La marcha del 13 y el desfile del 27 de noviembre muestran a todas luces los contrastes entre una manifestación libre, pacífica y organizada, y un desfile diseñado para rendir tributo a una sola persona, por encima de nuestras instituciones republicanas.
Mediante amenazas, coacciones, incentivos e imposiciones, se logró un acarreo monumental, con cientos de camiones que atravesaron los caminos de México para llevar a las personas a la capital del país. No hubo un amplio movimiento nacional, sino una movilización desde la periferia hacia el centro para revivir el viejo presidencialismo autoritario y meta constitucional del que hablaba Jorge Carpizo.
El presidente López Obrador logró su cometido: congregó en torno de su persona a miles de personas que mostraron una actitud de abierta subordinación. La foto que se ha pretendido que pase a la historia, es un montaje bien pensado para mostrar a un mandatario elevado sobre una plataforma para darle altura, con la vista puesta en el cielo, mientras que brazos y cabezas buscan acercarse a él. Esta es la foto de la ignominia, que muestra a un mandatario que se cree superior y que es capaz de subordinar al pueblo que dice amar, a sus objetivos y proyectos personales.
Todo el aparato de Estado se puso al servicio de Palacio para desplazar personas, desde los rincones más distantes del país; entregar alimentos, algunos en estado de descomposición; amenazar con la cancelación de apoyos y programas sociales; y movilizar a olas humanas indisciplinadas que, en algún momento pudieron poner en riesgo a la institución presidencial.
A pesar del grosero dispendio y del acarreo indiscreto, vimos a un mandatario pronunciar su perorata ante un Zócalo capitalino parcialmente lleno, que gradualmente se fue vaciando. No hubo réplica del evento en los estados de la República, todo fue un espectáculo central, que niega en sus raíces nuestra esencia federalista y que reactiva los mecanismos de promoción personalizada que nuestra Constitución prohíbe expresamente.
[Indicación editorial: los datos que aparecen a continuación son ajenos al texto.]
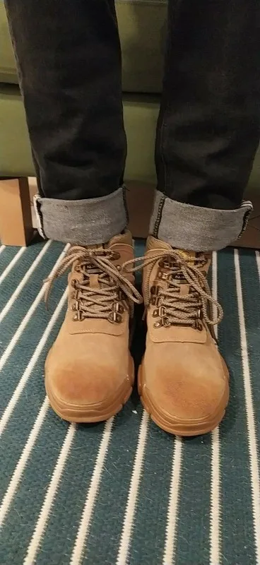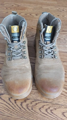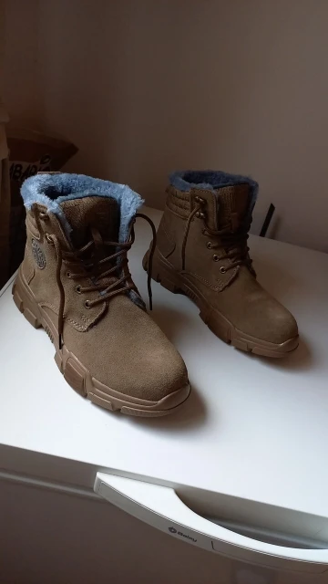 Заказывала по размерной сетке, на 2 больше, чем привычно. Отслеживались, очень долго шли по Китаю, но по месту дошло быстро. При распаковке был очень сильный запах клея, но ботинки из кожи. Брала мужу на работу, чтобы носок был железным. Тяжелые. Отличное соотношение цены и качества

El desfile del pasado domingo nos ha dejado un muy mal sabor de boca y un mensaje preocupante: podemos vivir sin las autoridades que hoy nos gobiernan ya que en cualquier momento están dispuestas a abandonarnos a nuestra propia suerte, para abrazar un proyecto que, en lugar de ser de la Nación, y de todas y todos, es de una persona aislada en su Palacio, que día a día se ve diezmada por sus odios, resentimientos y vanidades interminables.